AUSTIN (KXAN) — After a lengthy public comment period, the Austin city council voted Thursday afternoon to purchase a vacant property near East Oltorf Street and Interstate 35, with plans to convert it into a housing navigation center.
The specific site is at 2401 S I-35 in District Three. It’s near multiple schools and shares a fence with homes, which opponents stressed as risks during public comments.
Members of the public who spoke fell on both sides on whether the purchase should happen or not, but most speakers said they saw the need for a housing navigation center. Some opposed the creation of a new center altogether.
The opposition largely characterized the center’s potential clients as a potential threat to them and their families. Supporters said that those clients could include families and Austin ISD students.
The proposal to purchase the property came after a search began in June for a new location for the services provided at the Sunrise Homeless Navigation Center.

Councilmember Marc Duchen moved to table the item for 30 days, but it was not seconded.
Ahead of the vote, CM José Velásquez, who represents district three, said he would vote no on the proposal to give the community more time to present a better plan to the public.
“We cannot lose the humanity of the issue,” he said.
Duchen, Velásquez and CM Zo Qadri voted against the item. The council’s eight other members carried the item to passage.
In a Wednesday interview with KXAN’s Grace Reader, Mayor Kirk Watson said that the proposed center would have been controversial no matter where the city tried to put it.

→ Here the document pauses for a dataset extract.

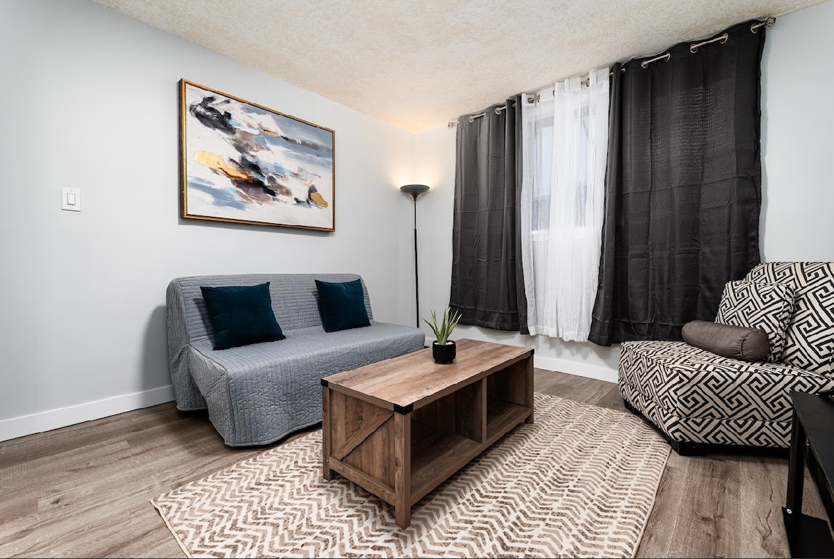 Chào mừng bạn đến với căn hộ ấm cúng và giá cả phải chăng của chúng tôi, hoàn hảo cho những du khách tiết kiệm ngân sách! Nếu bạn đi công tác hoặc tham dự một sự kiện tại Rogers Place, đây là một căn hộ trung tâm tuyệt vời trong vòng vài phút đi bộ từ Rogers Place, Đại học Grant MacEwan và trung tâm mua sắm và nhà hàng Edmonton CityCentre. CHỖ ĐỖ XE MIỄN PHÍ Roger Arena cách đó 3 phút đi bộ Đại học Mac Ewan 4 phút đi bộ Ga tàu 3 phút đi bộ Thông báo: đây là vị trí đắc địa ở trung tâm thành phố, sẽ có một số TIẾNG ỒN và GIAO THÔNG ĐI BỘ.

“Certainly there is a subset of that population of our community that worries, and I don’t dismiss those worries about where it gets located,” he said. “In order to address the needs of people living homeless and to solve this problem, this humanitarian problem we have, we’re going to need to have certain types of facilities that meet certain types of needs.”
He noted that unlike other navigation centers in Austin, a city-owned facility would give Austin the ability to set and enforce the center’s rules.
“One of the things I say is with all the success that we’re seeing in approaching how we address people living homeless, we have to keep moving forward,” Watson said. “We have to keep making investments that will help us in this. And I don’t have any question that a new Navigation Center will help us continue moving forward.”